WHAT YOU SHOULD DO: Write out the lines of the material below exactly, beginning at the line with "Mavi denim kadın" and stopping after the line with "Io XL Quasar", and leave out the pictures.

EXTRACTED ENTRIES:
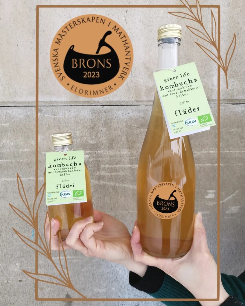 Vi är stolta och glada över att vår fläderkombucha vann brons i kategorin kombucha under SM i mathantverk 2023, arrangerat av Eldrimner.
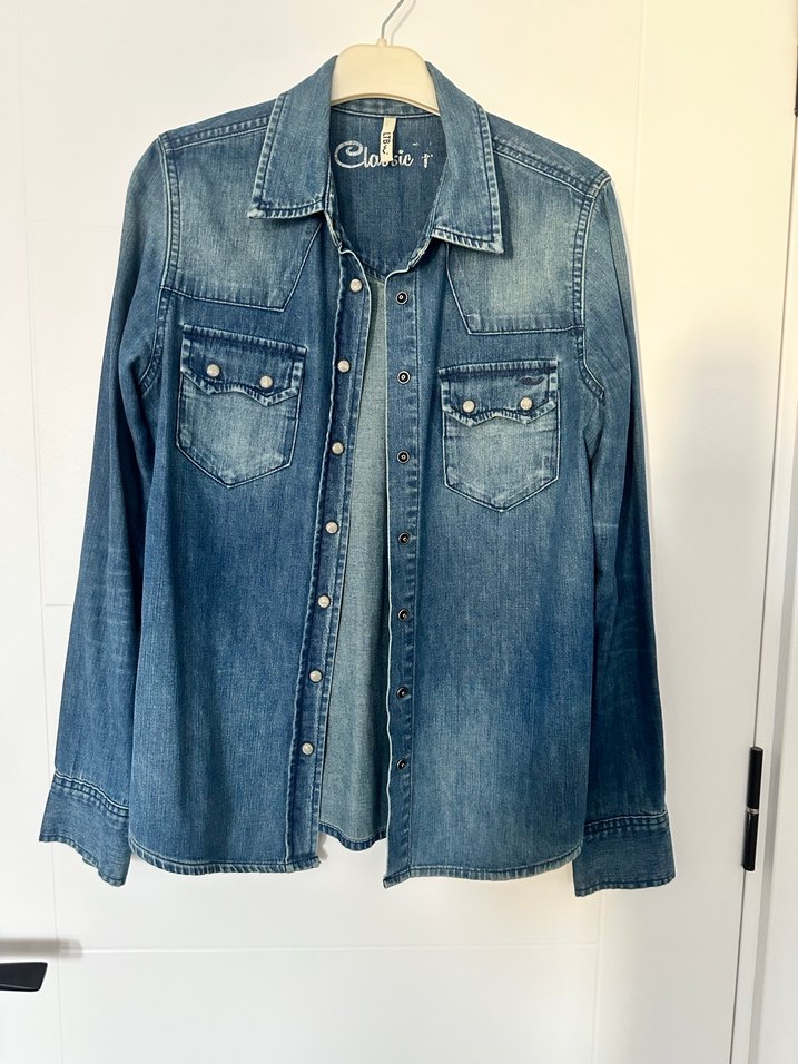 Mavi denim kadın gömlek, düğmeli ön, uzun kollu normal boydadır. Kot/denim gömlek severler için uygun bir üründür.
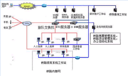 鐵路客戶服務(wù)中心系統(tǒng)主要是由帶語音板卡的計(jì)算機(jī)或排隊(duì)交換機(jī)、CTI服務(wù)器、IVR服務(wù)器、應(yīng)用服務(wù)器/數(shù)據(jù)庫(kù)服務(wù)器、人工座席系統(tǒng)等硬件設(shè)備和應(yīng)用軟件組成。它以電話服務(wù)為主要服務(wù)方式、結(jié)合計(jì)算機(jī)信息系統(tǒng)的資料數(shù)據(jù),為客戶提供全方位的服務(wù),包括業(yè)務(wù)查詢、業(yè)務(wù)咨詢、業(yè)務(wù)受理、投訴和建議、市場(chǎng)調(diào)查等功能。
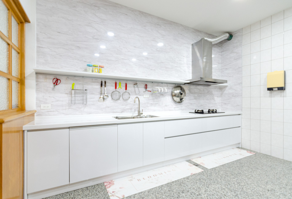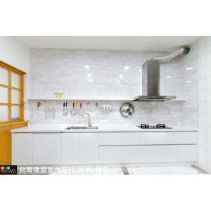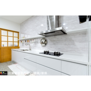 以純白和大理石紋揉合出簡單輕盈的空間,牆面結合層板和掛勾,讓在拿取用具或調味罐時能更順手,檯面使用了容易清潔的板材,使廚房空間能一直保持乾淨舒適,構築輕鬆無壓的料理日常。
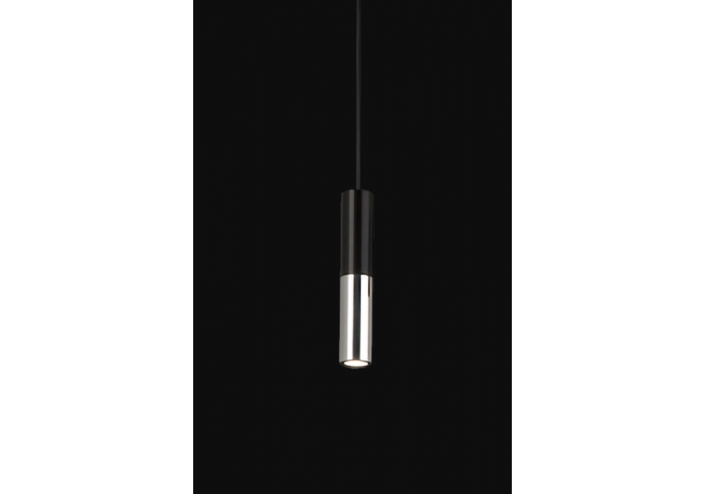 Io XL Quasar diseñada por Jos Muller para Quasar es una lámpara de suspensión con estructura cilíndrica de aluminio bicolor disponible en diferentes colores. La fuente de luz adoptada es de tipo LED regulable, con cable de alimentación negro y rosetón cromado.
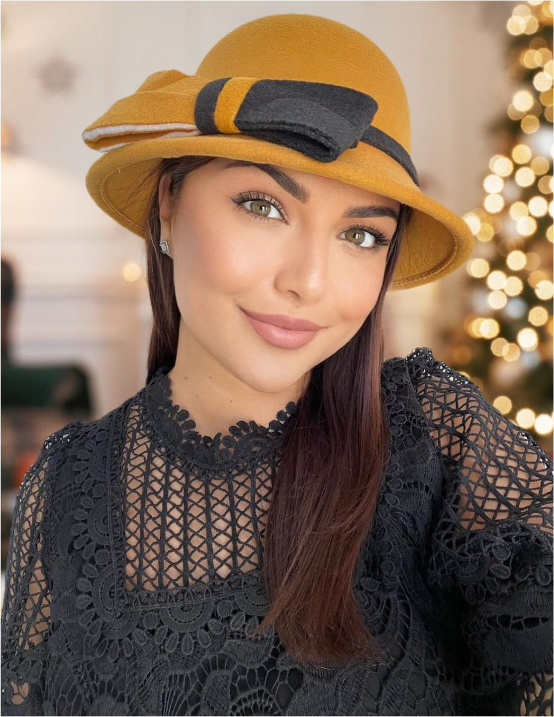 Palarii dama cu boruri mici si funda in 2 culori DUET (GALBEN+NEGRU) - marime unica, reglabila

ANSWER SECTION:
 Mavi denim kadın gömlek, düğmeli ön, uzun kollu normal boydadır. Kot/denim gömlek severler için uygun bir üründür.
 鐵路客戶服務(wù)中心系統(tǒng)主要是由帶語音板卡的計(jì)算機(jī)或排隊(duì)交換機(jī)、CTI服務(wù)器、IVR服務(wù)器、應(yīng)用服務(wù)器/數(shù)據(jù)庫(kù)服務(wù)器、人工座席系統(tǒng)等硬件設(shè)備和應(yīng)用軟件組成。它以電話服務(wù)為主要服務(wù)方式、結(jié)合計(jì)算機(jī)信息系統(tǒng)的資料數(shù)據(jù),為客戶提供全方位的服務(wù),包括業(yè)務(wù)查詢、業(yè)務(wù)咨詢、業(yè)務(wù)受理、投訴和建議、市場(chǎng)調(diào)查等功能。
 以純白和大理石紋揉合出簡單輕盈的空間,牆面結合層板和掛勾,讓在拿取用具或調味罐時能更順手,檯面使用了容易清潔的板材,使廚房空間能一直保持乾淨舒適,構築輕鬆無壓的料理日常。
 Io XL Quasar diseñada por Jos Muller para Quasar es una lámpara de suspensión con estructura cilíndrica de aluminio bicolor disponible en diferentes colores. La fuente de luz adoptada es de tipo LED regulable, con cable de alimentación negro y rosetón cromado.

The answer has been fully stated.